---------- DATA PROVIDED ----------

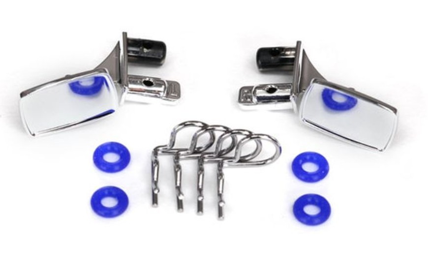 TRX-4 Seitenspiegel/ch ChevyBlazer'79 Seitenspiegel chrom l&r und Karo-Spinten (4) TRAXXAS TRX-4 Blazer & K10 Chrome Spiegel mit O-Ringe/Clips
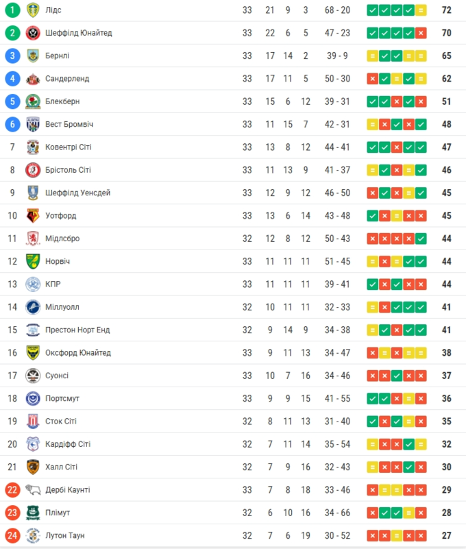 У зоні плей-оф утримуються Бернлі (65), Сандерленд (62), Блекберн (51) та Вест Бромвіч (48).
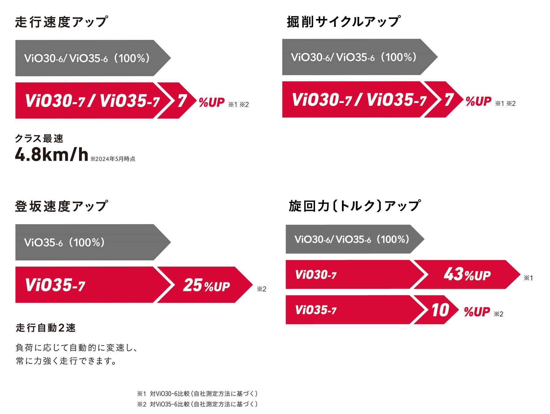 本機は、油圧ショベルの人気シリーズ3tクラス「ViO30-6C」と3.5tクラス「ViO35-6C」のモデルチェンジ機です。従来機に比べ、走行モーターの改善によって平坦地での最高速度が7%向上しました※1※2。また、「ViO35-7」は、油圧ポンプの改善により、登坂速度が最大25%向上※2し、さらに掘削のサイクルタイムが7%短縮しました※1※2。
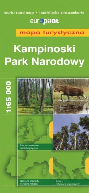 Kampinoski Park Narodowy mapa turystyczna. Skala 1:65 000 - szlaki rowerowe - szlaki turystyczne, - muzea - obiekty sakralne ... i wiele innych atrakcji Legenda w 3 językach: polski, angielski, niemiecki.
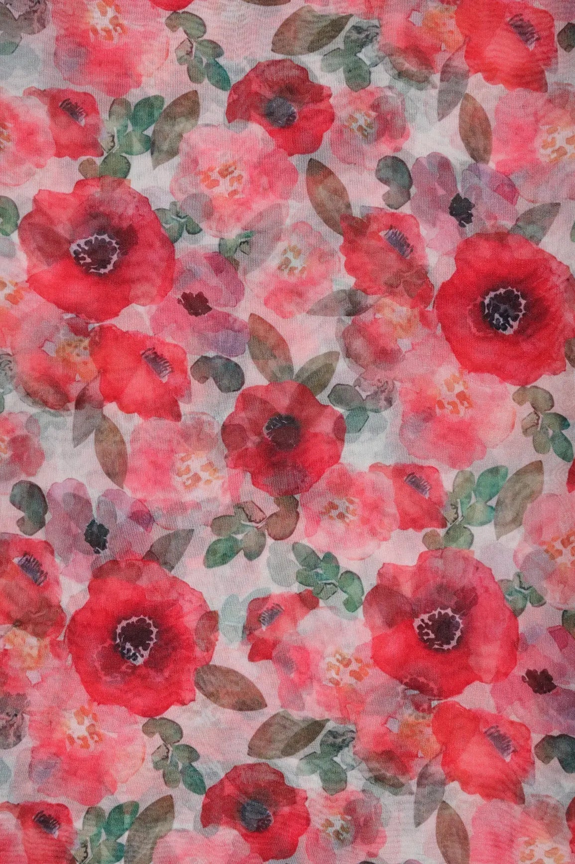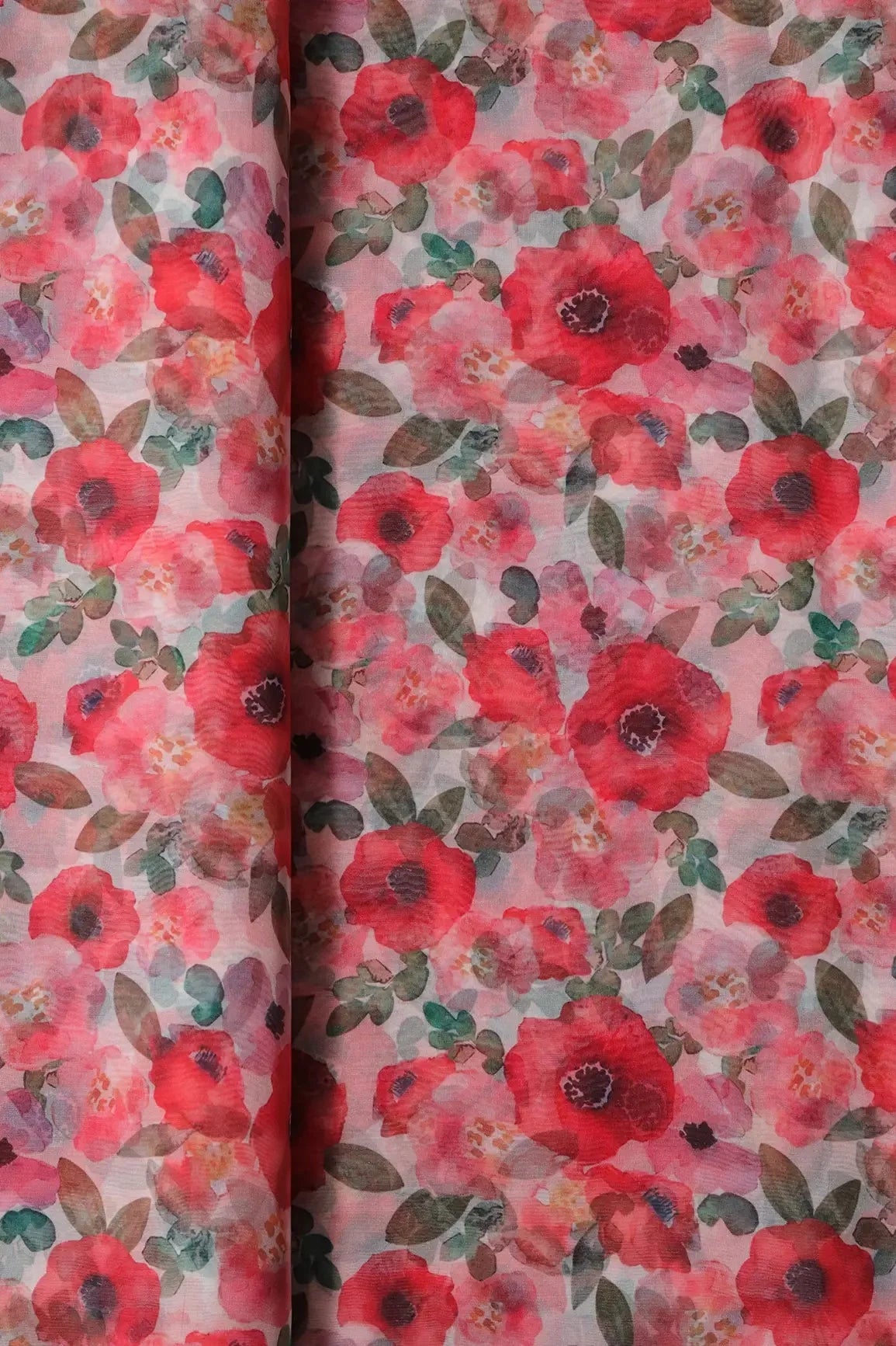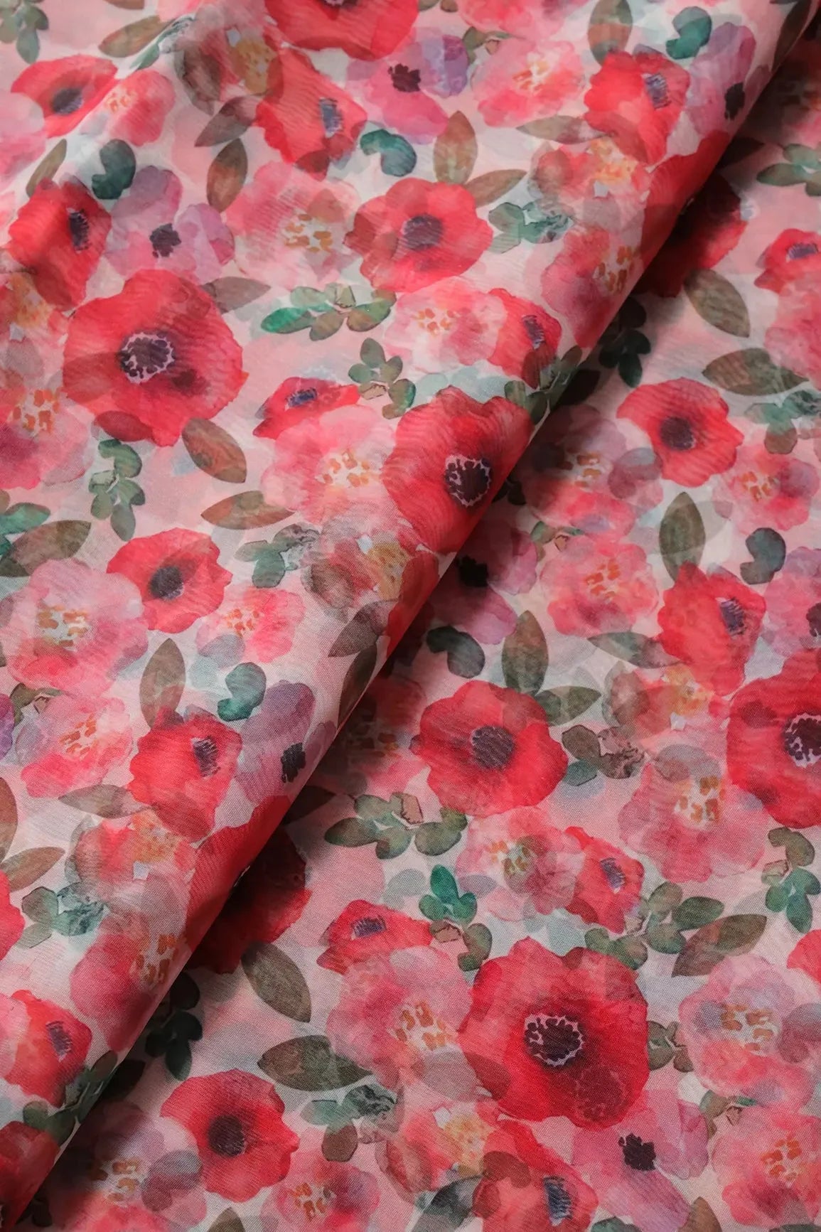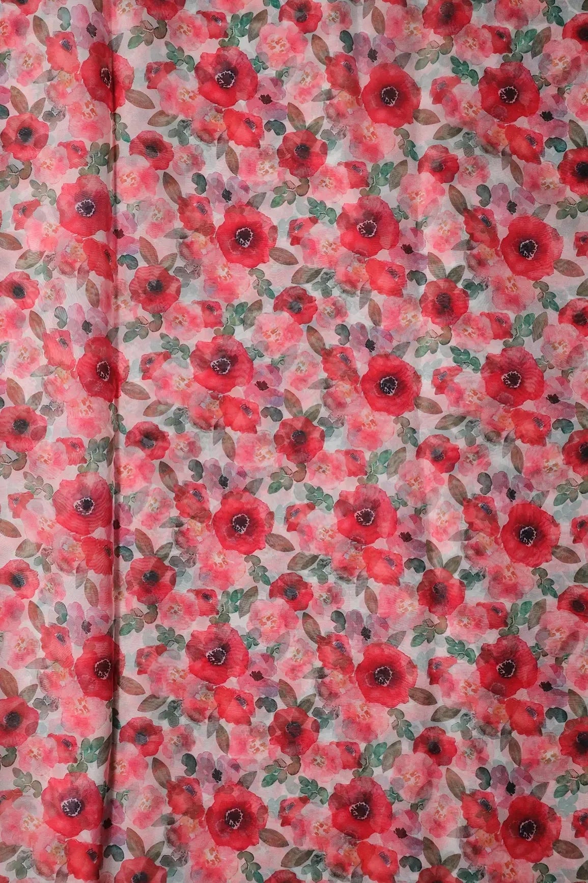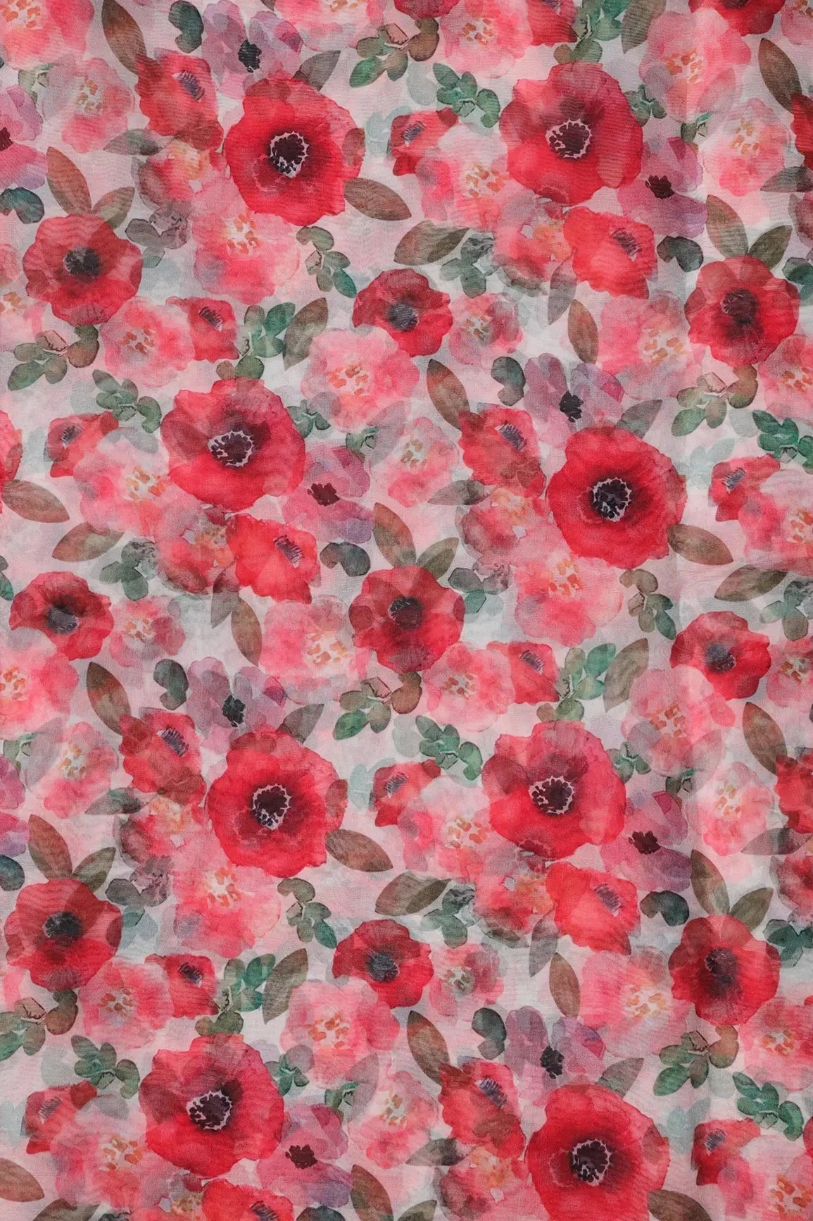 Red And Pink Floral Pattern Digital Print On White Organza Fabric

----------

Images are to be omitted; repeat the remaining data above exactly.

 TRX-4 Seitenspiegel/ch ChevyBlazer'79 Seitenspiegel chrom l&r und Karo-Spinten (4) TRAXXAS TRX-4 Blazer & K10 Chrome Spiegel mit O-Ringe/Clips
 У зоні плей-оф утримуються Бернлі (65), Сандерленд (62), Блекберн (51) та Вест Бромвіч (48).
 本機は、油圧ショベルの人気シリーズ3tクラス「ViO30-6C」と3.5tクラス「ViO35-6C」のモデルチェンジ機です。従来機に比べ、走行モーターの改善によって平坦地での最高速度が7%向上しました※1※2。また、「ViO35-7」は、油圧ポンプの改善により、登坂速度が最大25%向上※2し、さらに掘削のサイクルタイムが7%短縮しました※1※2。
 Kampinoski Park Narodowy mapa turystyczna. Skala 1:65 000 - szlaki rowerowe - szlaki turystyczne, - muzea - obiekty sakralne ... i wiele innych atrakcji Legenda w 3 językach: polski, angielski, niemiecki.
 Red And Pink Floral Pattern Digital Print On White Organza Fabric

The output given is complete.